Ashlesha Odak, Senior Scientist at Strand Therapeutics discussed applications of mRNA in the cancer immunotherapy space. At Strand Therapeutics there are two programmes for cancer therapy that use mRNA programming. They focus on solid tumours and leveraging self-replicating RNA for higher expression levels.
Recently the company nominated a lead developmental candidate STX-001 which uses self-replicating RNA (repRNA) for intratumoural delivery, offering longer expression and higher protein levels than conventional modified mRNA. Although the concept of mRNA as a drug started in the 1990s it gained significant traction during the COVID-19 pandemic. Odak noted that that over 325 RNA therapies are currently in development, primarily for caners and infectious diseases.
mRNA cancer drugs are mainly cancer vaccines, neoantigens, cytokines, and antibody therapies. Odak briefly mentioned the successful MEDI 1191 trials conducted by Moderna which used IL-12 mRNA for intratumoural delivery. The outcome of this trial demonstrated promising results in solid tumours.
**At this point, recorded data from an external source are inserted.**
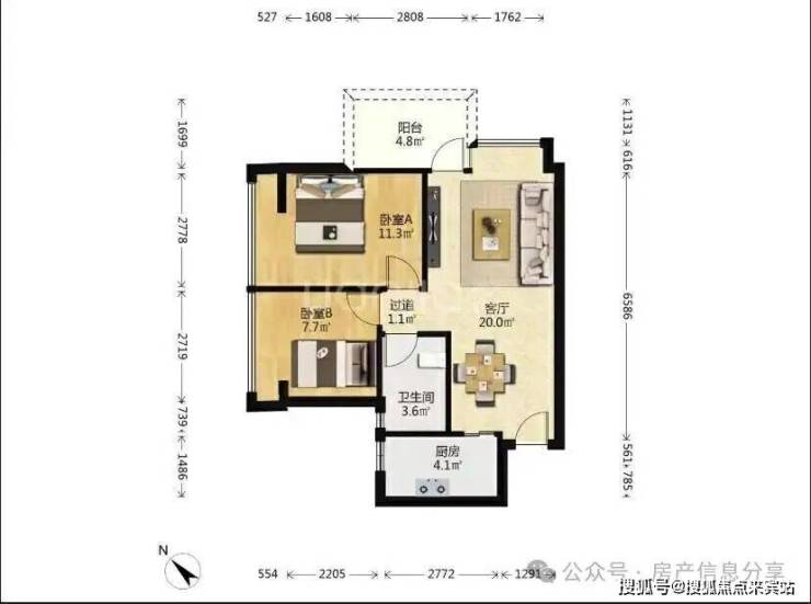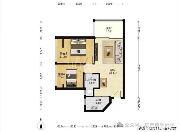 太古城南区62㎡的户型实际套内实用面积在51㎡左右,精致的小两房设计。
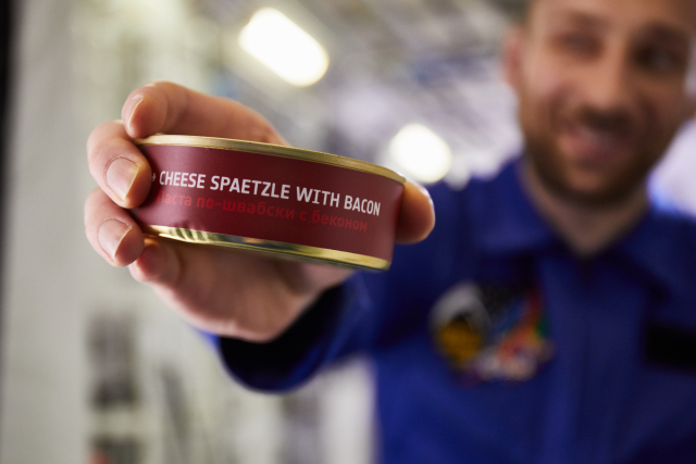 Alexander Gerst a demandé à emporter des plats de sa région d’origine, de Souabe (sud-ouest de l’Allemagne), des spaetzle au fromage et au bacon ainsi qu’un ragoût de poulet aux champignons.
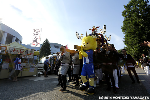 中央広場では「スタジアムで夏祭り!」と銘打ち、ディーオも加わって天童木遣 天聲會による木遣、干布神輿越王會による神輿の練り歩きが行われます。
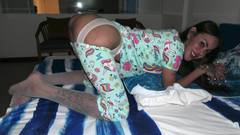 Ela massageia o namorado e dobra o pênis para colocá-lo em seu ânus.

Odak explained that Strand’s platform leverages synthetic biology to achieve cell type-specific expression. By designing RNA circuits that respond to cellular inputs, they can restrict therapeutic expression to target cells, minimising off-target effects. This approach is being explored for systemic delivery with a goal of overcoming the limitations of local injection.
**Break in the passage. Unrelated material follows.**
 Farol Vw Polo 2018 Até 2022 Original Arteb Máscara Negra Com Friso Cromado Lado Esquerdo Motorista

A key application discussed was CAR-T therapy. Traditional ex vivo CAR-T treatments are costly, time-consuming, and prone to manufacturing failures. Strand proposes an in-situ method using synthetic mRNA circuits to generate CAR-T cells directly in the body. This could reduce costs, simplify logistics, and improve safety by avoiding lymphodepletion and off-target toxicity.
Odak concluded by emphasising the promise of programmable mRNA in oncology, supported by encouraging preclinical data and a growing industry pipeline. She reiterated the ability of Strand’s platform to deliver precise, effective, and scalable therapies, marking a significant step forward in the field of RNA-based medicine.